Martin Bidař (born 24 February 1999) is a Czech pair skater, who currently competes with Jelizaveta Žuková. They are two-time Czech national champions (2020–2021) and represented the Czech Republic at the 2022 Winter Olympics.

With former partner Anna Dušková, he is the 2016 World Junior champion, 2016 Youth Olympic silver medalist (individually and in the team event), and 2015 JGP Final silver medalist. Dušková/Bidař represented the Czech Republic at the 2018 Winter Olympics.

Personal life 
Martin Bidař was born on 24 February 1999 in České Budějovice, Czech Republic. He is the son of a figure skating coach, Iveta Bidařová, and the younger brother of a former pair skater, Petr Bidař. His sisters were also figure skaters.

Skating career

Early years 
Martin Bidař started learning to skate in 2003. Originally single skaters, he and Anna Dušková began skating together as a pair after their coach, Eva Horklová, suggested the idea. Recalling their beginnings, Dušková stated, "It was quite embarrassing at first because everybody was skating singles, and we had to hold hands.
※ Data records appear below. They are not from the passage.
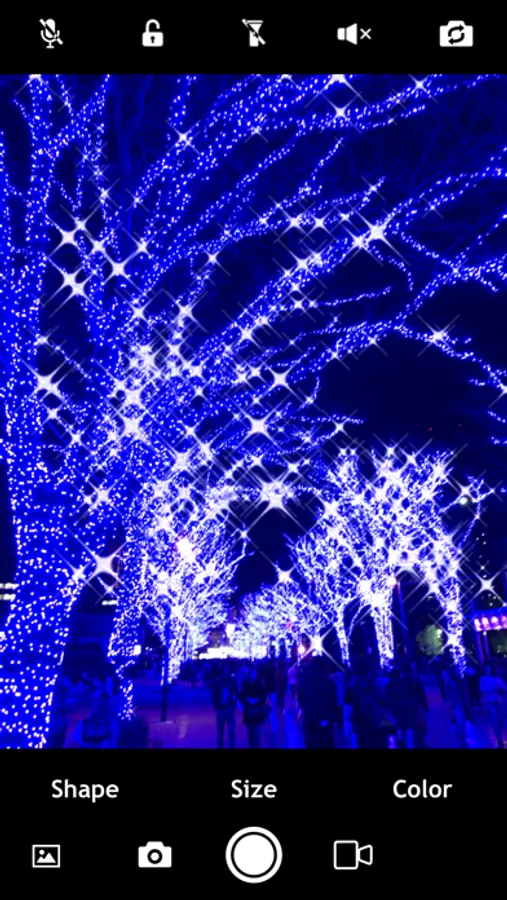 Sparkle Cam adds sparkling lens flares in your camera in realtime. And you can also add glitter objects to your photos and videos in your photo album.
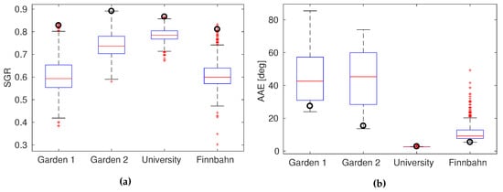 So far, all images were used as a basis for studying the relationship between the SGR criterion and the MinWarping performance. To show the generalization ability of the proposed method, we performed tests based on the principle of cross-validation. Our data are atypical for standard cross-validation, as they are organized in databases that each contain dependent images due to the spatial layout of the databases. We take this dependency of the data into account by performing a group-based cross-validation. This is separated into two experiments: (1) cross-validation of the SGR criterion; (2) cross-validation of the AAE based on the SGR criterion. The results for the SGR criterion are shown in Figure 12a. For this analysis, we split the data into a training and a test set in the following way: one database is retained as test set, and all other databases form the training set. This is repeated in such a way that each database is selected as the test set once. The label of each boxplot denotes the database used as the test set, and the data visualized as the boxplot is the set of SGR values reached by computing the SGR criterion for each parameter combination within this database (sampled as described in Section 3.2). For each test database, the circle marks the SGR value that is reached within this database by using the best parameter combination resulting from the training set. The graph shows that a high SGR criterion in the training set generalizes to a high SGR criterion in the test set. In other words, the selection of the best parameter combination based on the SGR criterion in a training set is an adequate choice for an unfamiliar environment.
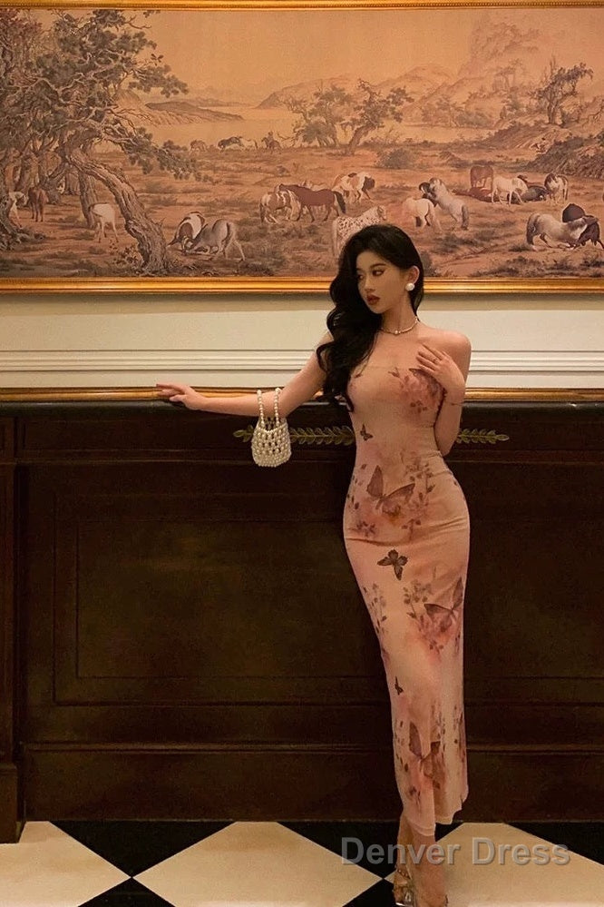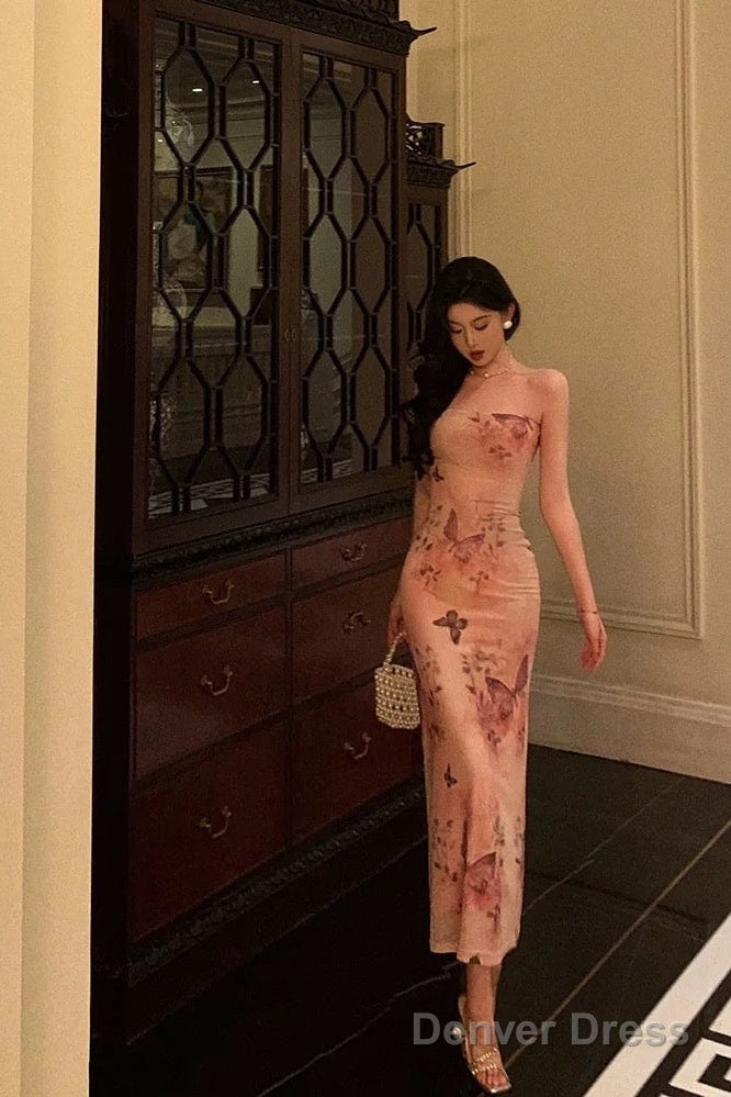 Pretty Sheath Strapless Pink Floral Date Night Dress Prom Dresses Birthday Party Outfit

We were so young and shy." In the 2011–2012 season, they competed on the novice national level.

2013–2014 season: Junior international debut 
Dušková/Bidař's ISU Junior Grand Prix (JGP) debut came in the 2013–2014 season; they finished eighth in September 2013 in Košice, Slovakia, and sixth the next month in Ostrava, Czech Republic. In March 2014, the pair placed tenth at the World Junior Championships in Sofia, Bulgaria, having ranked tenth in both segments.

2014–2015 season 
In 2014–2015, Dušková/Bidař continued on the JGP series, finishing tenth in Estonia and eighth in Germany. They came in eighth at the 2015 World Junior Championships in Tallinn, Estonia, after placing ninth in both segments.

2015–2016 season: World Junior champions 
Although based mainly in the Czech Republic, Dušková/Bidař also spent some time training in Montreal and Sochi in the summer of 2015 and made another visit to Montreal during the competitive season.

Competing in the 2015 JGP series, Dušková/Bidař won a silver medal in August in Linz, Austria, and finished fourth the following month in Riga, Latvia. The results qualified them for the 2015 JGP Final, held in December 2015 in Barcelona, Spain. Ranked third in the short program and second in the free skate, Dušková/Bidař edged out Russia's Atakhanova/Spiridonov by 0.33 for the silver medal behind Borisova/Sopot, who won gold by a margin of 9.53 points. They became the first Czech pair to step on the podium at a JGP Final.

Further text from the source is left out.